Hi H Mommy,
I was recently diagnosed last week after 3 months of hell. My biggest complaint is my psychological state which I have been in for the last 2 months. I understand everyone suffers differently but for me the psychiatric lyme occurred very early. I feel as if I am losing my mind, severe depression, anxiety and panic attacks. I just feel wierd. Seriously, it has completely disabled me. Don't get me wrong I have a tendency to worry and have had bouts of anxiety in my life but I always felt normal and was always highly functioning, productive, worked and had hobbies, a happy clown etc...
For example, In January I moved to California after living out of the country for 7 years with no physical or mental issues at all. When returning to the states for the first months of course I had some anxiety it was a life changing event and looking for a job and an apartment. Withing some weeks I found a job and an apartment. My anxiety was more about
being a good teacher and having a great class (normal anxieties). Not the anxieties and panic that you feel you need to be institutionalized.

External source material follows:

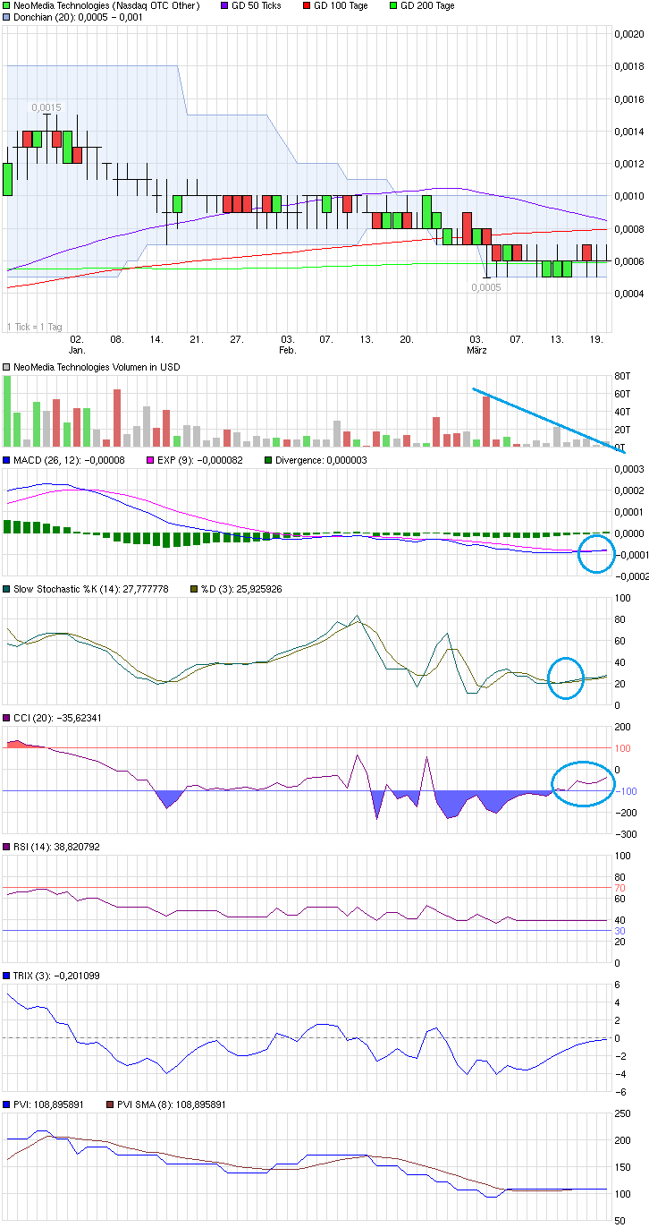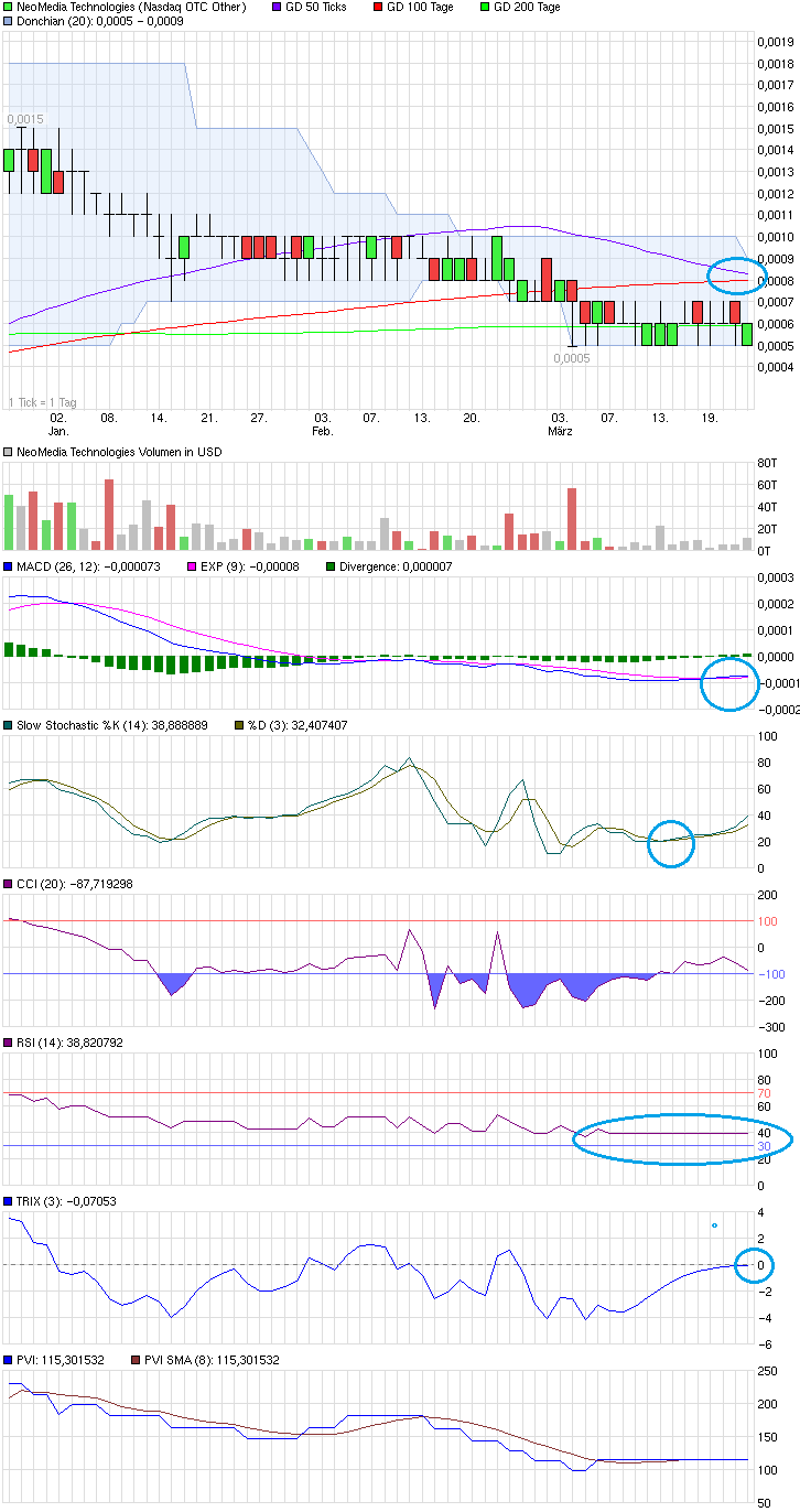 Am Chart kann man ja nun gut erkennen, das man Reversesplits und Verwässerung betrieben hatte und jetzt immer noch so viele Aktien am Markt hat, wow, ist ne ganz schöne Geldverbrennungsmaschine oder? Vielleicht gehts ja bei Neomedia endlich bald steil Aufwärts, ich drück euch die Daumen!;-)
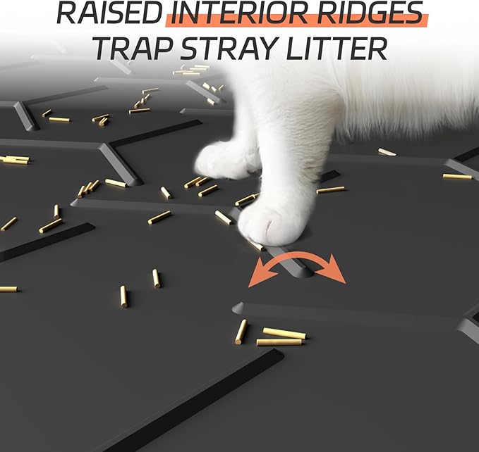 - Extra large size: 22 "x34"/86*56cm, covers a wide range of areas, fits one large or tow small litter boxes. The large litter mat can collect most of the litter and urine. At the same time, provide more space for your pet to move around

When I got hit with this Lyme the end of March with Flu-like symptoms, then all these other strange symptoms.. By the end of April I literately woke up in this psychological state. It was so bad I could not get out of bed. I would say to myself... "what is wrong with me? Why do I feel so horrible? Why am I losing my mind? Is this a nervous breakdown?" In May I had to quit my job and moved to NY to be with my family. That is not me! And I never quit a job before in my life because I was going crazy. My point is that is not my pattern. My question for you since I noticed you have suffered for about
a year is does it get better? Which treatments work? I just want my life back. What do we do?